28 October 1940: “Ohi Day” – What do Greeks Celebrate

Greek History & Archaeology

Historical Overview of the Facts

The “NO” Anniversary commemorates the refusal of Greece to the Italian claims contained in the ultimatum delivered by the Italian ambassador to the Greek dictator Ioannis Metaxas on October 28, 1940. The consequence of this refusal was the country’s entry into World War II and the start of the Greco-Italian War of 1940. This date was established to be celebrated in Greece and Cyprus every year as an official national holiday and holiday. Also, many Greek communities worldwide celebrate the Anniversary of “NO”.

Ioannis_Metaxas_1937_by Wikipedia_ohi day

Ioannis Metaxas – Image by Wikipedia


Who said “NO” in 1940

Shortly after 3 am on October 28, 1940, the then-Italian Government sent an ultimatum to Greece, through the Italian Ambassador in Athens, Emanuele Grazzi, who personally delivered it to Ioannis Metaxas, at the latter’s home, in Kifissia, which demanded that free passage of the Italian army from the Greek-Albanian border to then occupy some strategic points of the Kingdom of Greece (ports, airports, etc.), for its supply needs and other facilities, in its subsequent promotion to Africa.

After reading the text, Metaxas turned his gaze to the Italian Ambassador. Answered him in French (official diplomatic language) the historic phrase: “Alors, c’est la guerre”. (translation: “well, that means war”). Thus manifesting the negative position on the Italian demands.

Grazzi himself in his memoirs, published in 1945, describes the scene:

“As soon as we sat down, I told him that my government had commissioned me to make an extremely urgent announcement. Without another word, I gave him the text. Metaxas began to read it. His hands holding the paper were shaking slightly. Through the glasses, I could see his eyes watering as he used to when he was moved. When he finished reading, he looked at me in the fac. He said in a sad but firm voice: “Alors, c’est la guerre!” (so, we have a war).

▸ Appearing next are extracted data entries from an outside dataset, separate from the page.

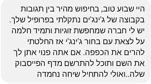 שהאנרגיות החיוביות שהבאת עם ההודעה הזו, תשפיע גם על אחרים להעלות הילוך ולסגור עניין.
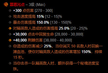 额外的,因为我们是杀精英为主的玩法,所以你也可以选择罪恶污点,三级威能选择额外进度球,这样打低层与小秘境速刷的时候可以更效率的通关。
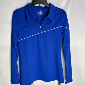 Stylish blue long sleeve polo shirt with zip-up collar. Features black and white stripe accents.
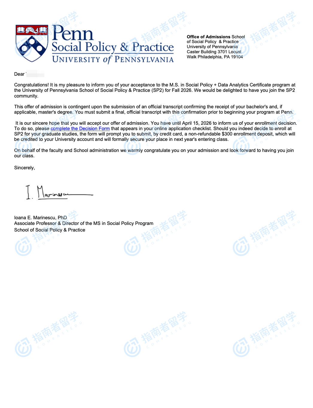 賓夕法尼亞大學(xué)社會政策碩士研究生offer一枚
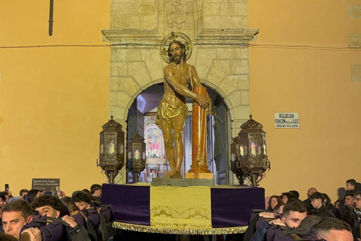Una multitud de conquenses han querido estar presentes en la tradicional cita del primer viernes de Cuaresma con la hermandad Nuestro Padre Jesús Amarrado a la Columna y su Vía Crucis por las calles de San Antón.
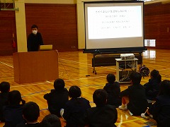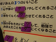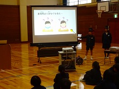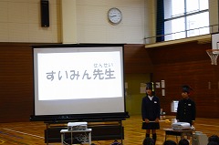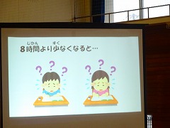 ↑ 元気委員会さんが、劇をして睡眠をしっかりとることを呼びかけてくれました。睡眠をたっぷりとらないと、昼に学習したことを脳で並び替えて整理する時間が取れません。それで、昼にしっかり学習をしても、頭の中に残らなくなるのです。1年生から3年生は10時間、4年生から6年生は9時間の睡眠が必要です。睡眠が足りない人は、賢くなるためにも、今日から睡眠時間を計算して、早く寝てください。
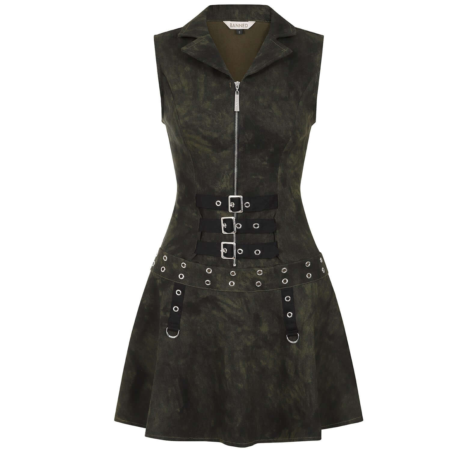 Adding to its punk-inspired charm are grommet and ring details along the waistband and hem. The skirt is adorned with black strap accents and metal rings, adding even more rebellious flair. The fitted bodice seamlessly flows into a flared A-line skirt, creating a perfect balance of style and wearability. This dress effortlessly combines military-inspired elements with a modern, rebellious attitude, perfect for those who embrace bold and confident fashion choices.
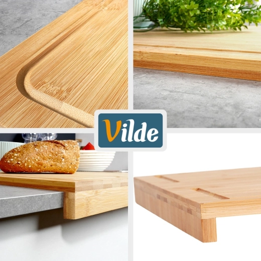 Bambusová doska s rantlom kombinuje stabilitu, hygienu a všestrannosť. Rantl (hrana) pod uhlom 90° sa oprie o kuchynskú linku a zabráni kĺzaniu dosky pri práci. Veľkorysá plocha 45 × 35 cm je ideálna na krájanie zeleniny, mäsa aj pečiva a zároveň skvele poslúži ako pracovná doska na prípravu cesta a domácich dobrôt.
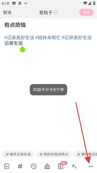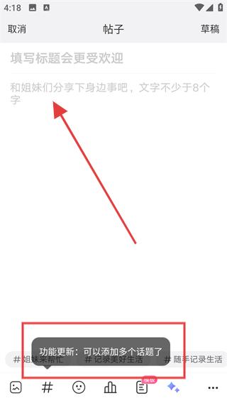 2、在帖子編輯頁面,先填寫標(biāo)題,再在正文區(qū)域輸入想分享的內(nèi)容,文字不少于8個字,還能利用功能添加多個話題,豐富帖子內(nèi)容。
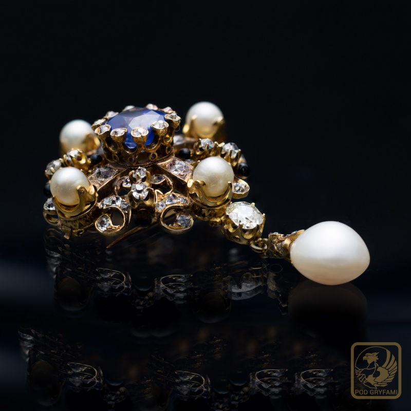 Brooch with sapphires, diamonds and natural pearl in 19th century style. The history of jewelry design was marked by both the Georgian and Victorian period. The unique preciosity, which was created in the times of the flourishing colonial power of Great Britain, is characterized by a wealth of design, oriental symbolism, precise hand work emphasized by the most noble of jewels, today so difficult to obtain.
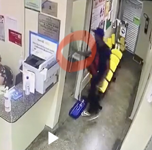 銃をつきつける強盗(emtempo紙動画より)※印は銃
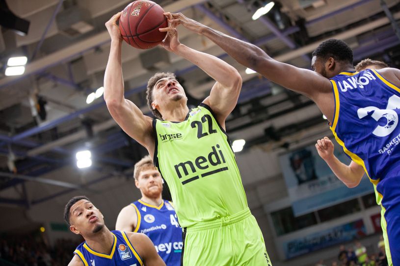 In der aktuellen Saison gab es zahlreiche Neuzugänge, wie Reid Travis. Ihn holte Coach Raoul Korner aus der Summer League als neuen Center in das Team. 2020 steht die Neuformung und Stärkung des Teams im Fokus (hier beim Spiel gegen Brose Bamberg). (© www.medi.de)
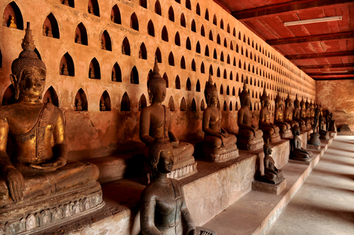 Arrival at Vientiane, visit the Wat Si Saket, was built in the Siamese style of Buddhist architecture, with a surrounding terrace and an ornate five-tiered roof, rather than in the Lao style.
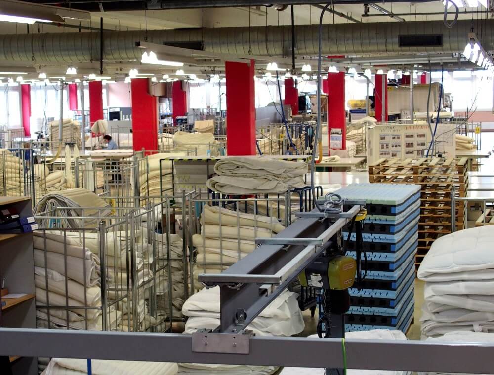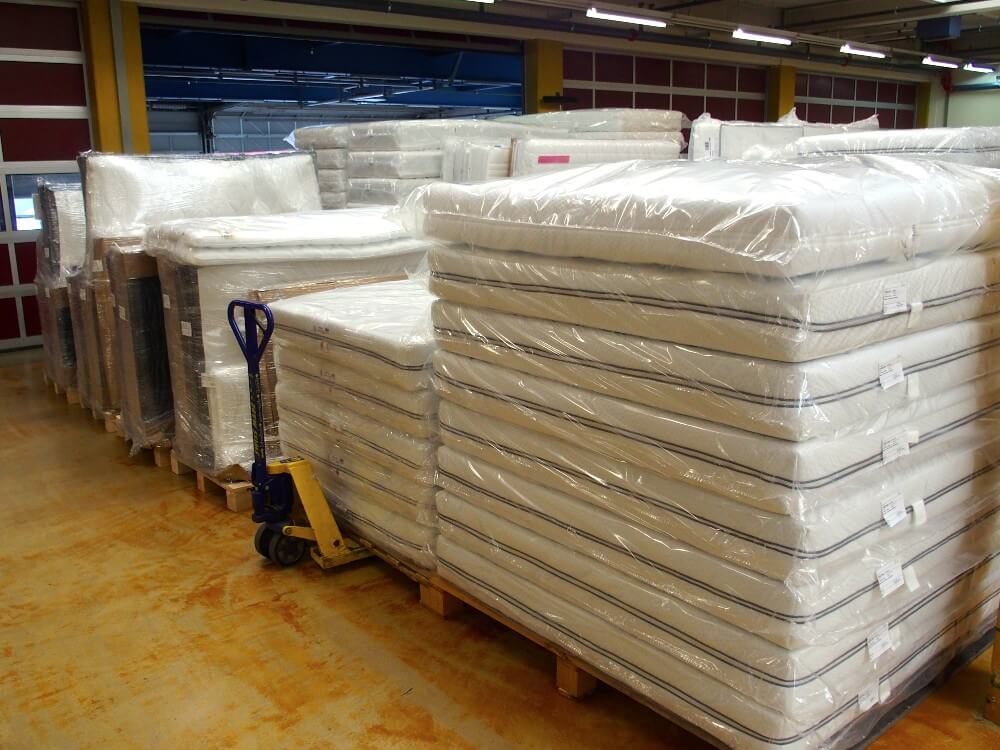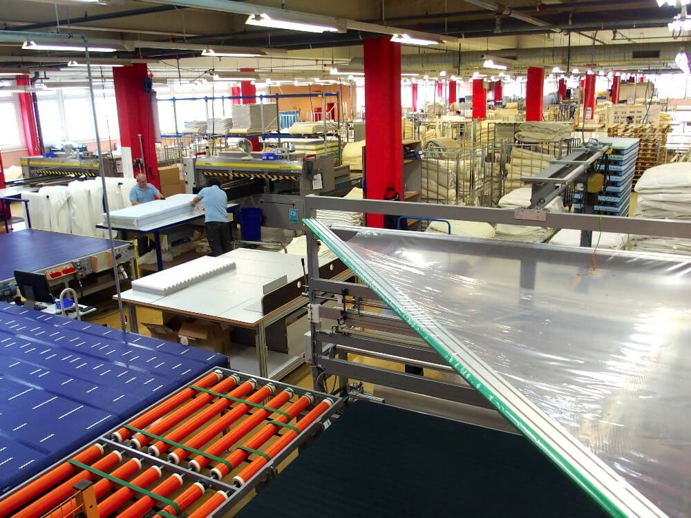 Die fertigen Matratzen kommen auf ein Transportband. Ohne menschliches Zutun bewegen sie sich durch eine Verpackungsanlage. Mit einem kräftigen Schutzplastik eingepackt, sind sie jetzt versandbereit. Die Tageskapazität pro Tag liegt bei 400 Matratzen. Sechs grosse Lastwagen bringen sie auf definierten Routen zu den Händlern in der ganzen Schweiz.

I replied that the Italian government hoped that the Greek government would accept its demands and let the Italian troops pass freely. Which would begin their movements at 6 in the morning. Metaxas then asked me how I could think that even if he intended to surrender it wouldn’t be possible for him within three hours to receive the king’s orders and give the necessary instructions for the free passage of the Italian troops.”

— Emanuele Grazzi, The beginning of the end, Hestia. 1980, p. 285

tsolias - ohi day


Metaxas at that moment expressed the Greek popular sentiment. The then-Greek press received the refusal of submission with the word “NO”. The word “NO” made the headline for the first time in the main article of the newspaper “Helliniko Mellon” by N. P. Efstratiou on October 30, 1940. Subsequently other newspapers adopted it as a slogan for the following occasions as well. Such as the cover of the newspaper “I Vradini”. On April 6, 1941, on the occasion of the German invasion of Greece.

The Start of the Greco-Italian War

At 5:30 in the morning, the Greco-Italian War began with the surprise invasion (the ultimatum stated that the attack would begin at 6 a.m.) of Italian troops in Epirus, so Greece entered the war on the defensive. The so-called “Epic of Saranda”, which followed, and the great victories won by the Greek army against the Italians, were established to be celebrated every year on October 28 the day of the delivery of the Italian ultimatum and the refusal of Ioannis Metaxas to consent.

ohi day_greek flag

Celebrations all over Greece

Every year on this day, the official celebration takes place in Thessaloniki with all its splendor, in the presence of the President of the Republic and other officials, with a large military parade, which coincides with the celebration of the liberation of the city during the First Balkan War and memory of the patron saint of Agios Dimitrios. In Athens and other cities, student parades take place, while public and private buildings raise the Greek flag.